* _Activity_: Repeat the data that follows, word for word, without the images.

* _Recorded data_:
Start of Block
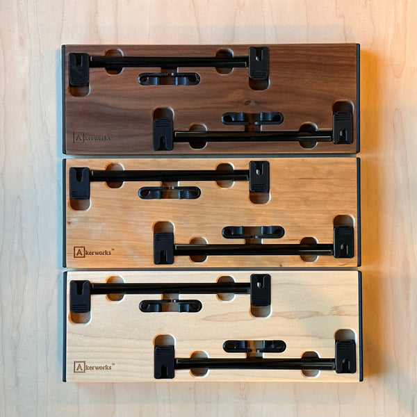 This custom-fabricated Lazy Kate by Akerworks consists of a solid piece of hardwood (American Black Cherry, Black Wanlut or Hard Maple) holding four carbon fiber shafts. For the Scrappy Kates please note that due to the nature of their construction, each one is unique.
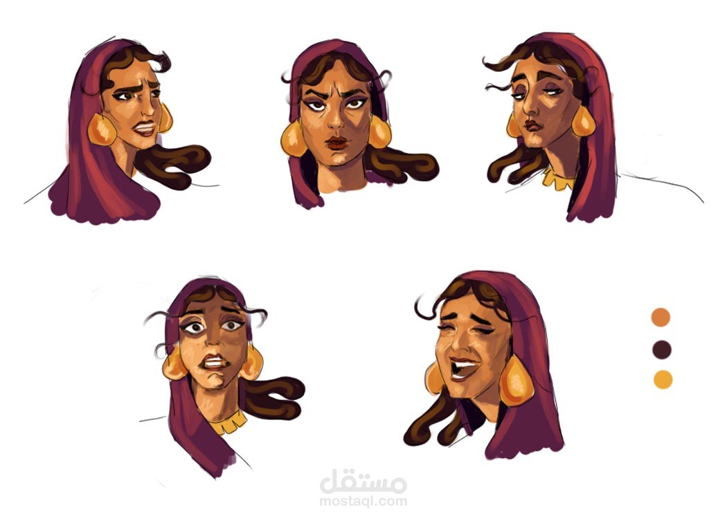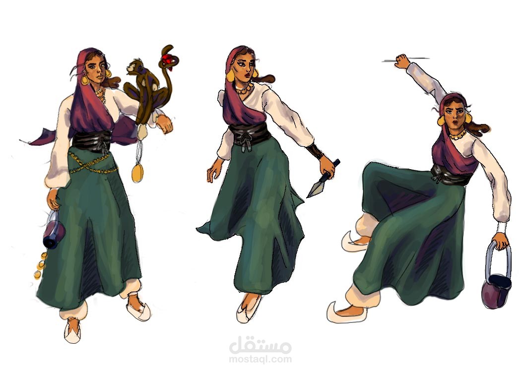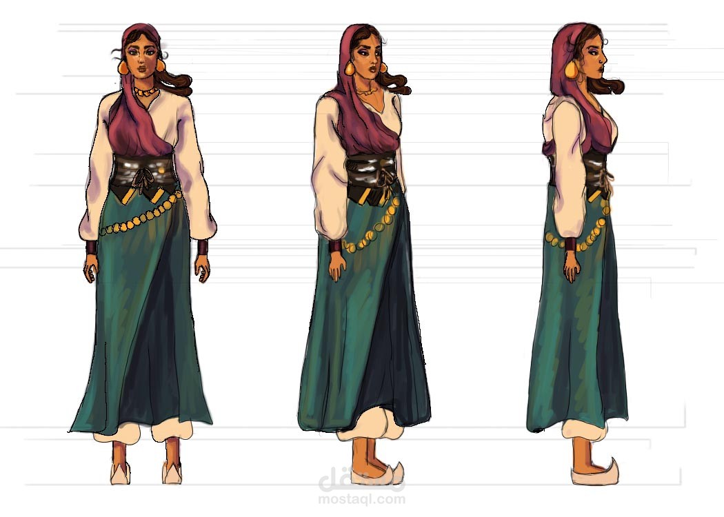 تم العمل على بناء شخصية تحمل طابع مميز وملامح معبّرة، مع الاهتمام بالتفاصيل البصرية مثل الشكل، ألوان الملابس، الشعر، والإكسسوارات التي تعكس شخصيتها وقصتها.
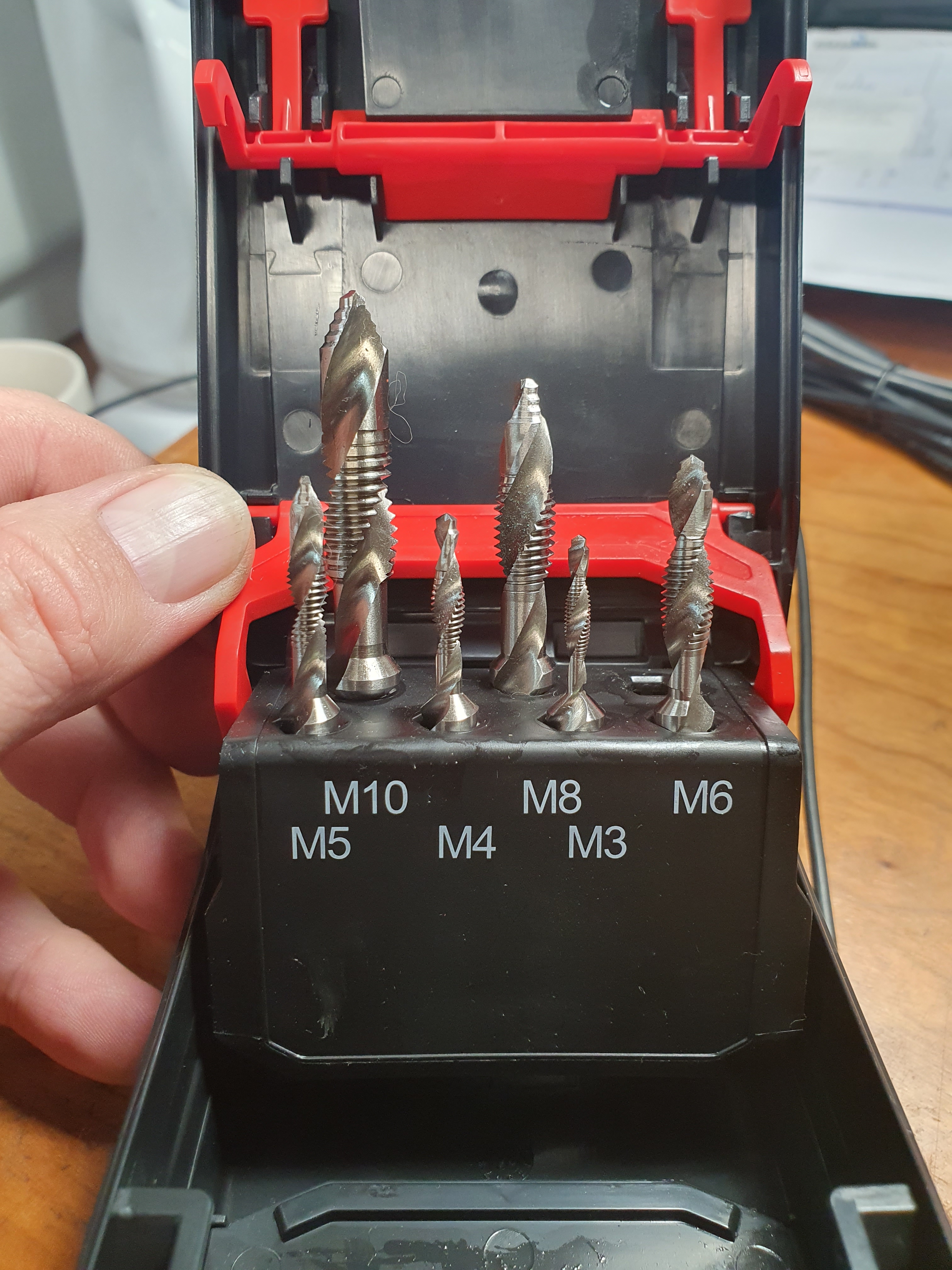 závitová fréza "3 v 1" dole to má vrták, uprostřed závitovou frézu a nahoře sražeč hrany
End of Block
* _Task answer_:
 This custom-fabricated Lazy Kate by Akerworks consists of a solid piece of hardwood (American Black Cherry, Black Wanlut or Hard Maple) holding four carbon fiber shafts. For the Scrappy Kates please note that due to the nature of their construction, each one is unique.
 تم العمل على بناء شخصية تحمل طابع مميز وملامح معبّرة، مع الاهتمام بالتفاصيل البصرية مثل الشكل، ألوان الملابس، الشعر، والإكسسوارات التي تعكس شخصيتها وقصتها.
 závitová fréza "3 v 1" dole to má vrták, uprostřed závitovou frézu a nahoře sražeč hrany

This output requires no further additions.